Campaign groups like Momentum need tighter digital regulation to defend Britain’s democracy, Theresa May’s former deputy has declared.
Damian Green, who was first secretary of state until December, called for stronger rules around political propaganda online as he took aim at social media companies.
“One of the most pernicious myths in our society is that Facebook and Twitter, and all these people, they’re basically well-meaning hippies and they’re just guys doing it out of the garage, they’re sticking it to the man,” he announced at a report launch by the Centre for Policy Studies thinktank on Monday.
“No they’re not, they are extremely powerful, extremely ruthless multinational corporations who deserve, if anything, more regulation than we’ve traditionally given the media.
“And politicians are going to have to grasp that in times to come, because the problem at the moment is that bad is driving out good.
“It’s clearly true on Twitter, it can be true on Facebook as well.”
Mr Green backed a proposal from the CPS report “Who governs Britain?” for “election addresses” to be included alongside digital political posts.
Under current laws, printed materials like leaflets, posters and election “newspapers” have to explain who they have been produced by and include an address.
He praised the “very good idea” of a digital equivalent because “people need to know that it’s a politician talking to them and that we need some regulation of that”.
Mr Green added: “There needs to be far more transparency telling people ‘if you are reading this on your Facebook feed, this is produced by x on behalf of y’ so that you can know that your friends are sending you stuff – whether it’s from the Conservatives or Momentum or whatever.
“As long as you know that what you’re getting is propaganda, it seems to me you’ve made a democratic step forward and you’re not just being fed stuff that you accept as the truth.
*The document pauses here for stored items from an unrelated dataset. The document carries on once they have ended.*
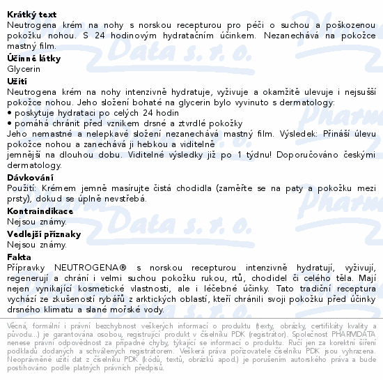 Neutrogena krém na nohy s norskou recepturou pro péči o suchou a poškozenou pokožku nohou. S 24 hodinovým hydratačním účinkem. Nezanechává na pokožce mastný film.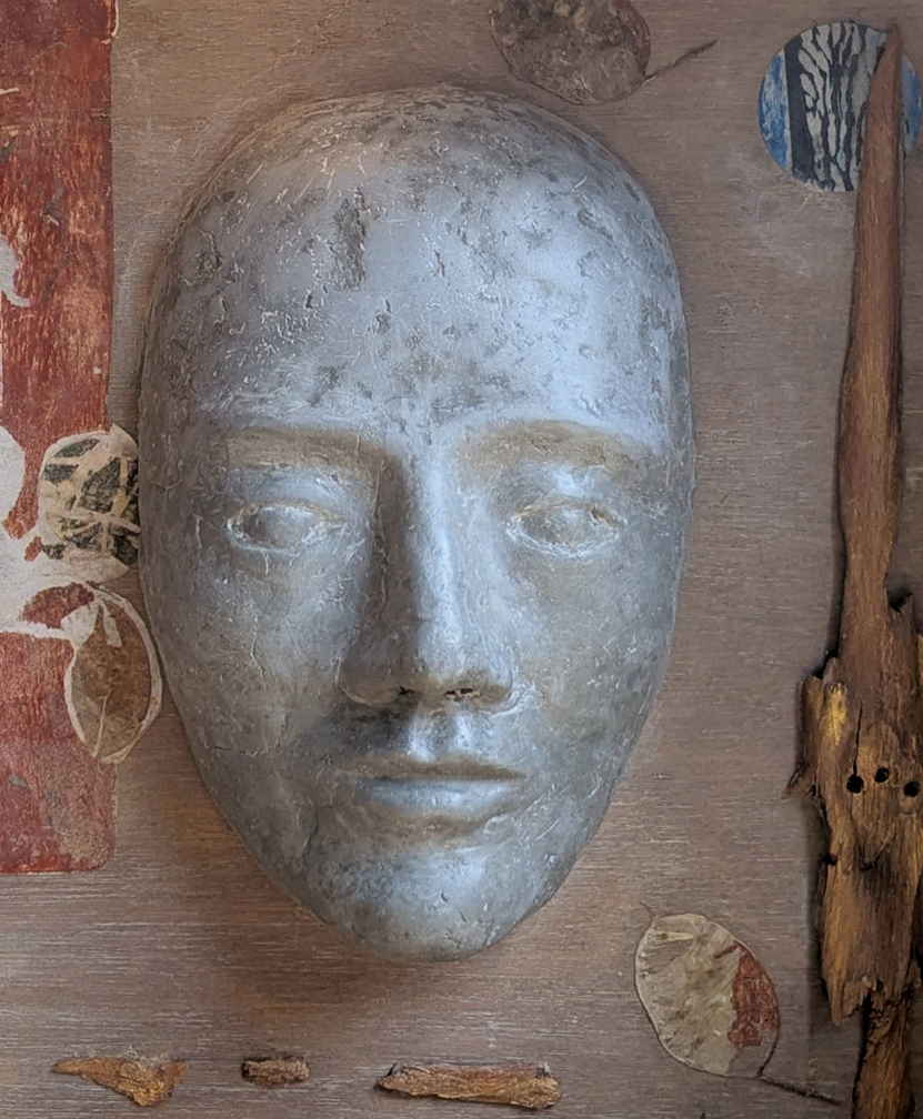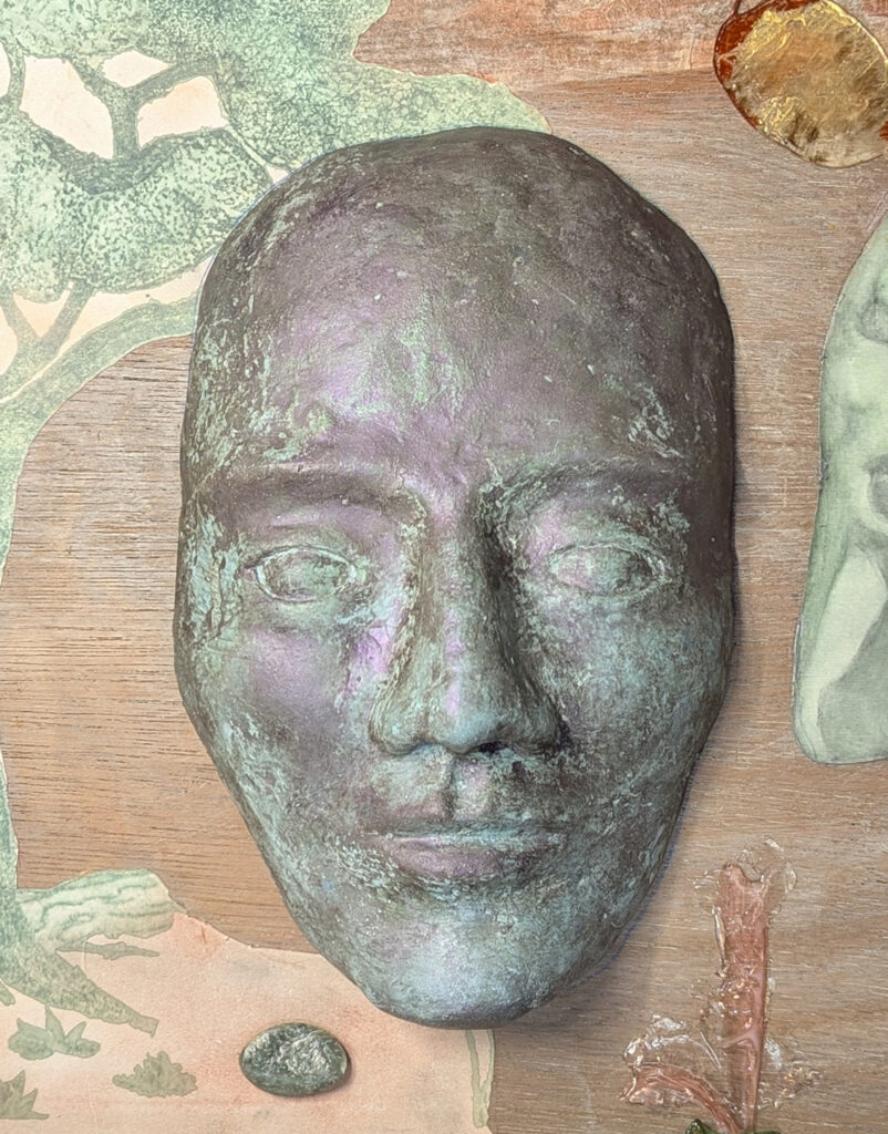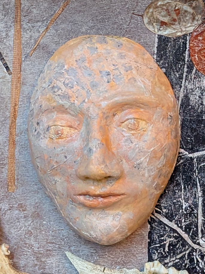 This newly finished art series in six drawers features variations on wistful solemn faces. I cast these faces in several different materials, from molds of two my own original sculptures. Only one drawer has no human face; instead it features a large rat! I quite love my rat drawing. And all the drawers contain prints, natural & found objects, printmaking, sculpture, and drawings.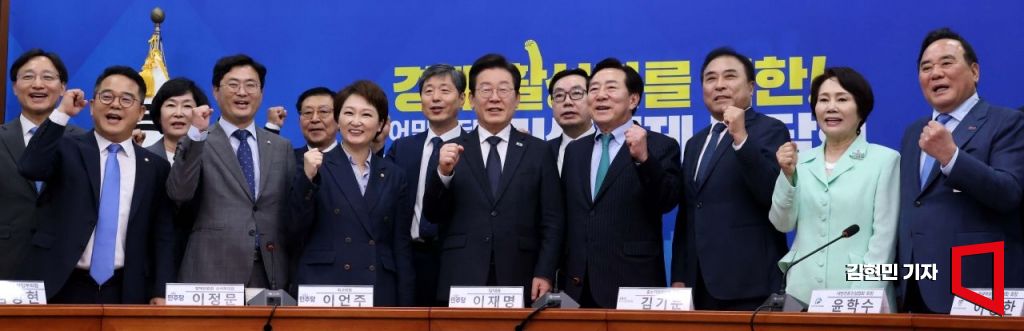 이재명 더불어민주당 대표와 김기문 중소기업중앙회장 등이 11일 국회에서 열린 더불어민주당-중소기업계 민생경제 간담회에서 파이팅을 외치고 있다. 사진=김현민 기자 kimhyun81@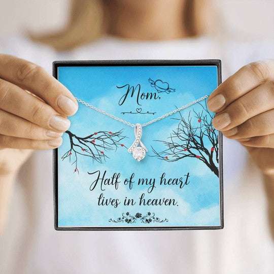 Mom Necklace, To My Mom Half Of My Heart Lives In Heaven Alluring Beauty Necklace For Mom

“Because it’s not too dramatic to say that democracy is under threat at the moment, it is extremely important that democratic systems defend themselves at a time when the force of illiberal democracies are taking hold in liberal democracies.”
Chloe Smith, minister for the constitution, signalled her support at the same event, saying she was “really quite taken” by the idea.
“I do hope that my colleagues across government are looking very seriously at what’s being said here. There are some important points here…
“I’m really quite taken by the election addresses point.
“I think there’s a lot to be said for adapting the democracy that we all enjoy, that we are massively privileged to live in, but adapting that to the age and the technology that we do also live with and use and appreciate in our everyday lives.
“And perhaps an idea about election addresses may be a way of considering that.”